Chief Minister Jayalalithaa on Monday strongly defended the rights and interests of States and expressed concern over an emerging pattern wherein States' powers were sought to be abrogated either by the passage of Bills or issuance of notifications.

“Lack of consultation with the States and failure to take them into confidence is a cogent commentary on the system of governance at the Centre,” Ms. Jayalalithaa told the Chief Ministers' Conference on Internal Security in New Delhi.

She said the Union government decided “unilaterally” on the ongoing joint naval exercise off the Tamil Nadu coast in the Bay of Bengal with US nuclear-powered warships participating, and the State government was not taken into confidence.

“Such joint military exercises create panic reactions among the uninformed local public and, consequently, the State government is taken by surprise, caught fully unaware.”

The Centre did not permit the US Consul-General, Chennai, and senior Indian Navy officials based in the city to meet her. “This implies that the Central government has scant respect for constitutionally elected State governments.”

In another context, she referred to the need for infusion of funds to tackle problems such as cyber crime and the circulation of fake currency notes. “Capacity building and amelioration of skills make infusion of funds imperative. Sadly, the funds from the government of India are continuously being curtailed.”

The Chief Minister said that the leverage and operational magnitude of the States were sought to be kept under control by tightening finances.

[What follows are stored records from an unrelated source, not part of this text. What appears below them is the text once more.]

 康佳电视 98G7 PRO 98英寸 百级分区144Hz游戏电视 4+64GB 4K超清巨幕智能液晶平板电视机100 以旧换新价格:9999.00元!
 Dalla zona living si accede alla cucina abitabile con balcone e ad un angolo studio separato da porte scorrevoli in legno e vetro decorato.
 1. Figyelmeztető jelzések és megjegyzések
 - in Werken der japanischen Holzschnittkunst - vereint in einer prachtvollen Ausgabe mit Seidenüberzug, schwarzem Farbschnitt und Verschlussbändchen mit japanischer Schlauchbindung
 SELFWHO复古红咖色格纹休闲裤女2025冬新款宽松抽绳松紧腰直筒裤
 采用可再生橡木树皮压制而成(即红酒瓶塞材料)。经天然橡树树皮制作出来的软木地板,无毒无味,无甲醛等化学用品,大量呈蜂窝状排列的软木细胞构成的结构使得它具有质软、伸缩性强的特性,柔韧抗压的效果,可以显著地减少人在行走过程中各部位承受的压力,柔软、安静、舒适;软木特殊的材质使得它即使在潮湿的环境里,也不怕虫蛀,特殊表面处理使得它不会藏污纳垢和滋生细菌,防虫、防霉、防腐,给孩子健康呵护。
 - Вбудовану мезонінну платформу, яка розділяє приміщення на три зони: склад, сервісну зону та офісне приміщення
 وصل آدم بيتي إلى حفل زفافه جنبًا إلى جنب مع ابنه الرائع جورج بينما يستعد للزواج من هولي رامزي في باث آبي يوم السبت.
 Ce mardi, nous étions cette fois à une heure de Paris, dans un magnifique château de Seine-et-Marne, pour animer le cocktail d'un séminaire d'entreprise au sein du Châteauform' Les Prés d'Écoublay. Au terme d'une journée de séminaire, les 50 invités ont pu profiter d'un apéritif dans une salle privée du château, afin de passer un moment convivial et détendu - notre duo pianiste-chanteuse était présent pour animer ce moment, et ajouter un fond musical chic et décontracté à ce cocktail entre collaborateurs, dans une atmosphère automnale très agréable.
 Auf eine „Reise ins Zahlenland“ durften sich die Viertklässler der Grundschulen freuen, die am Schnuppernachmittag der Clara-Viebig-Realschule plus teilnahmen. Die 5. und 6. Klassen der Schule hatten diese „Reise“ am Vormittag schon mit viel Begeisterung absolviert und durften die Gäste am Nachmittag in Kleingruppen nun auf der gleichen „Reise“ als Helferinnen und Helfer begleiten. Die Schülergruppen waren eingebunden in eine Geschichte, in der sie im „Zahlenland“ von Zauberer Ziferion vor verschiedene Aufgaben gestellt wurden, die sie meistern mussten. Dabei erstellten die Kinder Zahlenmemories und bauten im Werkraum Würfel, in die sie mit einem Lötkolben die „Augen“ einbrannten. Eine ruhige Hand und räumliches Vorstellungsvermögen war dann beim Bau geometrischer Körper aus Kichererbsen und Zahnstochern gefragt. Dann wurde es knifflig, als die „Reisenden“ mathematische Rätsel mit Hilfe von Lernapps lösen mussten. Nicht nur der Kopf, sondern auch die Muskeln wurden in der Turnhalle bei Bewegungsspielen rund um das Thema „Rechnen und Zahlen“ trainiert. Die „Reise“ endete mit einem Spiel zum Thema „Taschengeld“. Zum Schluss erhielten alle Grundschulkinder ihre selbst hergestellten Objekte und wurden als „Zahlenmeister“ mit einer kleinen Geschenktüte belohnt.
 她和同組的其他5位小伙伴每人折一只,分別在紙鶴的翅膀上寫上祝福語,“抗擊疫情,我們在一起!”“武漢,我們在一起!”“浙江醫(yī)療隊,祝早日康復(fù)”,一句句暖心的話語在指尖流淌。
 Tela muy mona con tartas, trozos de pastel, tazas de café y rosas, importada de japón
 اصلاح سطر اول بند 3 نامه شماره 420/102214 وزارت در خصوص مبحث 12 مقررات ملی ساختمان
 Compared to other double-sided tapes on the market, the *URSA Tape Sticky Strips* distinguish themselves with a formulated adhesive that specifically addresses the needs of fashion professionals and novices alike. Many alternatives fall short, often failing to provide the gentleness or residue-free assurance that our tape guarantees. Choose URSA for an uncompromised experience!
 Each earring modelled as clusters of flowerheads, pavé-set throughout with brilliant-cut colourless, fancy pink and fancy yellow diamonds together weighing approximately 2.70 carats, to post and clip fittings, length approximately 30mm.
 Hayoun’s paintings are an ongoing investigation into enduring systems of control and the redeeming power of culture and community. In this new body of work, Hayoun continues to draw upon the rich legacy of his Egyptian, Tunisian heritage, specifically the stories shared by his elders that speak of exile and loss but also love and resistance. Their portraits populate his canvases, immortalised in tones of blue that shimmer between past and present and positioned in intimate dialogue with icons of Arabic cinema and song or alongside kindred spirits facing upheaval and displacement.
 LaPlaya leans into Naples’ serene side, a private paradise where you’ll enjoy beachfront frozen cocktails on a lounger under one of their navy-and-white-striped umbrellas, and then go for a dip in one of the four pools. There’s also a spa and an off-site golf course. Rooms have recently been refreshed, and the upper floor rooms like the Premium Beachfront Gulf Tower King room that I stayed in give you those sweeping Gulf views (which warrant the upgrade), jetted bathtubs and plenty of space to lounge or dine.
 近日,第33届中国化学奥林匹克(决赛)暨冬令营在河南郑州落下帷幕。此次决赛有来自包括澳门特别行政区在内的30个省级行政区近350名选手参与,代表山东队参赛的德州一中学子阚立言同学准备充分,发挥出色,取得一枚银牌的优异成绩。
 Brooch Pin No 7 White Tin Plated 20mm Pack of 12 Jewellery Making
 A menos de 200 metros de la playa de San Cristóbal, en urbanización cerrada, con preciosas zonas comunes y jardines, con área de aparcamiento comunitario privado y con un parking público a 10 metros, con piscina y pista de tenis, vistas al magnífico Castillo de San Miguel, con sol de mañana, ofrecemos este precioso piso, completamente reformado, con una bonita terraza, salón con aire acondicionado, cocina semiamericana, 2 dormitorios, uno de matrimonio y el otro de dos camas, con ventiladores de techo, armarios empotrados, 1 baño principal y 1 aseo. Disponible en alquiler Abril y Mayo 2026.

“The constant attempts to reduce States to the level of glorified Municipal Corporations heavily dependent on the Centre for funds, is a travesty of the federal nature of our existence. This attitude is disturbing and the implication of such exercises is not conducive to either State or national growth.” Considering the State governments' multifarious functions and their limited potential to raise resources, the Union government should come forward to provide liberally for strengthening and modernising the police force.

“With all the avenues for raising financial resources being taken away one by one by the Central government, the State governments are finding it increasingly difficult to make both ends meet.”

She referred to the decline in the Central share in the modernisation of the Tamil Nadu Police from Rs.75.75 crore in 2007-08 to Rs.42.27 crore in 2011-12. “In contrast, my government sanctioned Rs.357 crore for police modernisation in the last financial year.” Describing the idea of separation of crime investigation from the law and order wing of the police, as provided for in the Supreme Court judgment on police reforms, as the “right way forward,” she, however, counselled that such large-scale changes could only be implemented gradually, as people should become familiar with the changing structures.

Calling for incentives to personnel of the intelligence wing, she wanted the Centre to reimburse the special incentive of 10 per cent of the basic pay given to the personnel of the State intelligence wing up to the level of Additional Superintendents of Police.